Где-то недалеко, должно быть в овраге, грозно и сердито рокотал водяной поток. Далёкая звезда, засмотревшаяся было сквозь дырявую крышу риги, испугавшись чего-то, исчезла. Стало ещё темней.
Фрося резко повернулась лицом к Ивану, глянула на него испуганно блеснувшими глазами.
— И долго вы ещё будете прятаться?
— А кто ж его знает?
— А вдруг тебя…
— Что?
— Андрей Гурьяныч Савкин к вам вечор заходил. Я видала.
— Нюхает, пёс…
Фрося промолчала.
Под самым коньком крыши дважды прокричал сыч и вспорхнул в непроглядной черни ночи. Вверху замелькали зеленоватые точки его круглых фосфорических глаз.
Фрося развернула стёганое одеяло и укрыла им Ивана. Сама сидела рядом, сидела до тех пор, пока он не притянул её к себе.

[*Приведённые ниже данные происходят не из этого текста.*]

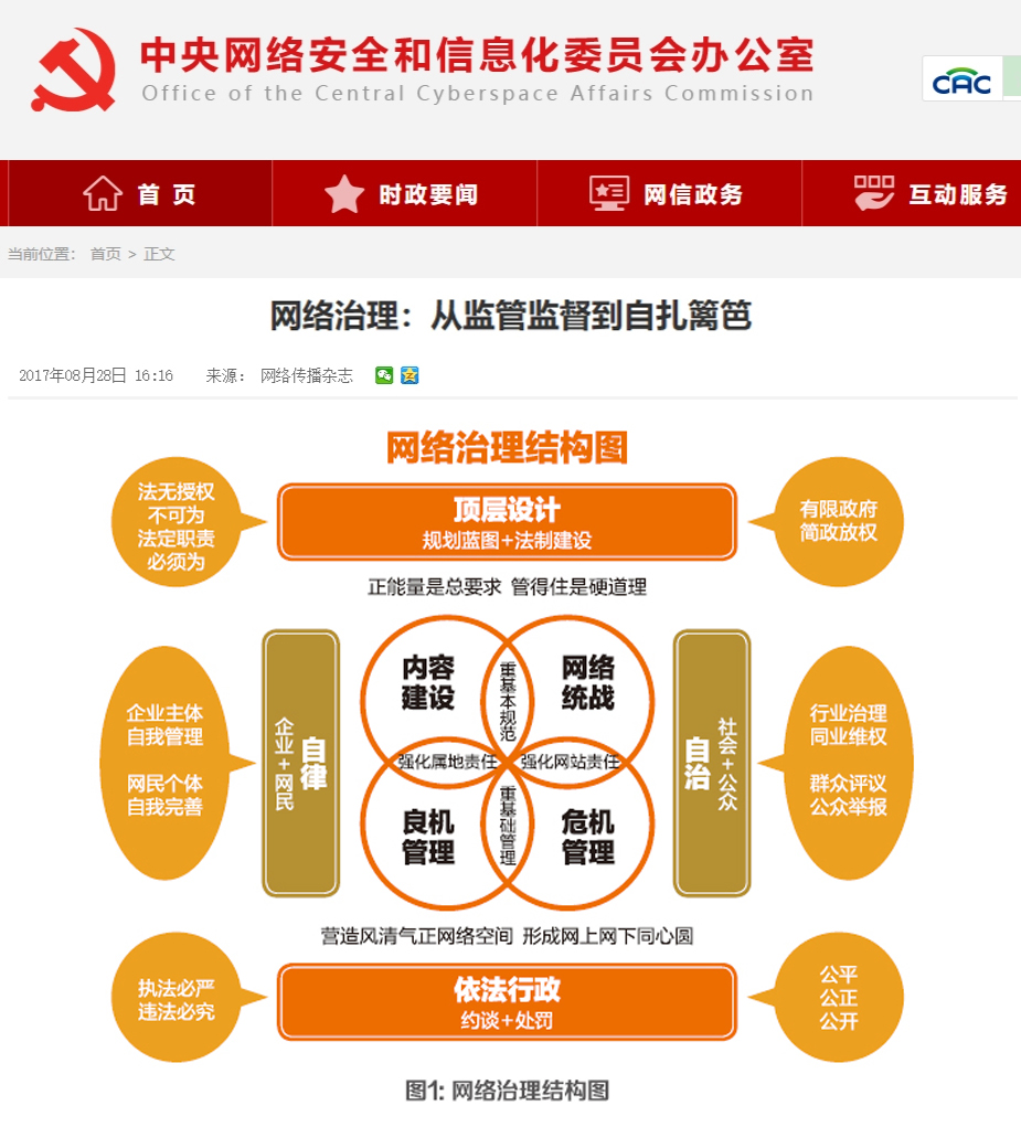 中央網(wǎng)信辦官網(wǎng)轉(zhuǎn)載《網(wǎng)絡(luò)治理:從監(jiān)管監(jiān)督到自扎籬笆》,“網(wǎng)絡(luò)治理結(jié)構(gòu)圖”為本人設(shè)計(jì)
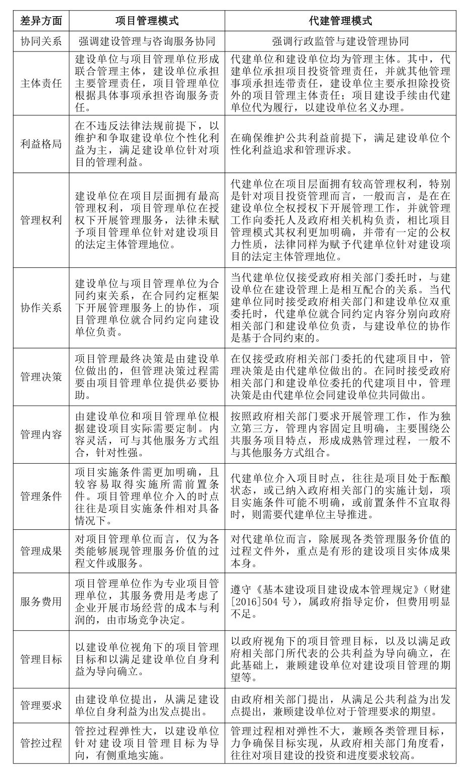表1:项目管理模式及代建管理模式主要差异一览
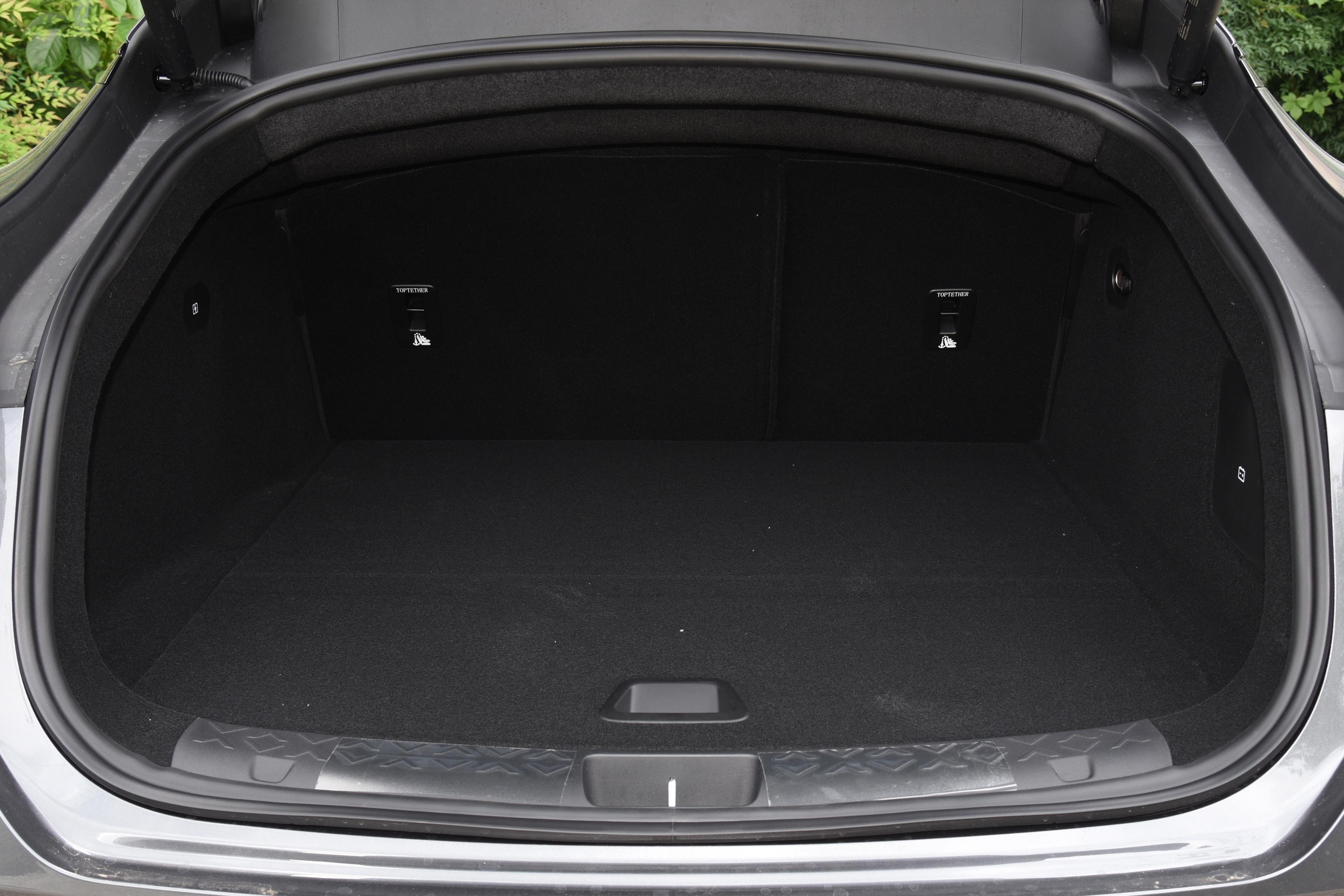 后备厢常规容积有416升,容积不算特别大,但它采用掀背式尾门设计,既美观又实用,取放大件行李格外方便。纯电版本还额外多了70升的前备厢,能放更多的东西,车里面也提供了不少储物空间,随身携带的手机、雨伞、电话、水杯、钥匙等零零散散的物品都有地方能放。

Утром вопреки первоначальному своему намерению Фрося не пошла к Аннушке, а направилась прямо домой, даже не пытаясь придумывать предлогов своего отсутствия. Сейчас она липом к лицу встретится с Харламовыми, которых, за исключением свёкра и своих детей, — ведь они тоже Харламовы! — в ту минуту ненавидела лютой ненавистью. О, сколько бы она отдала за то, чтоб только не видеть откровенно осуждающих взглядов тихой Пиады и бабушки Настасьи, вопросительного, сочувствующего и испуганно-недоуменного взгляда Дарьюшки, хитрого подмигивания Петра Михайловича, которому, кажется, на всё наплевать, удивлённых, умных, жалеющих и всё понимающих глаз Дарьюшкиного Ванюшки!
Спроси её сейчас, за что же она их так ненавидела, она, вероятно, не вдруг бы поняла, о чём её спрашивают, а поняв наконец, обвинила бы во всём только самое себя. И всё-таки, войдя в избу, она посмотрела на них всех сразу твёрдым, долгим и нескрываемо враждебным взглядом. Да, она ненавидела этих, в сущности-то, очень добрых к ней и даже любящих её людей. Ненавидела за одно то, что испытывала большой страх, грех и вину перед ними, за их несомненное право презирать её, за те великие душевные муки, которые причиняли ей эти хорошие люди уже одним тем, что существовали, что встреча с ними была для неё жестокой нравственной пыткой, что не будь их, не было бы и половины её страданий.
— Эх, паря!.. — услышала Фрося за своей спиной, когда быстро уходила в переднюю.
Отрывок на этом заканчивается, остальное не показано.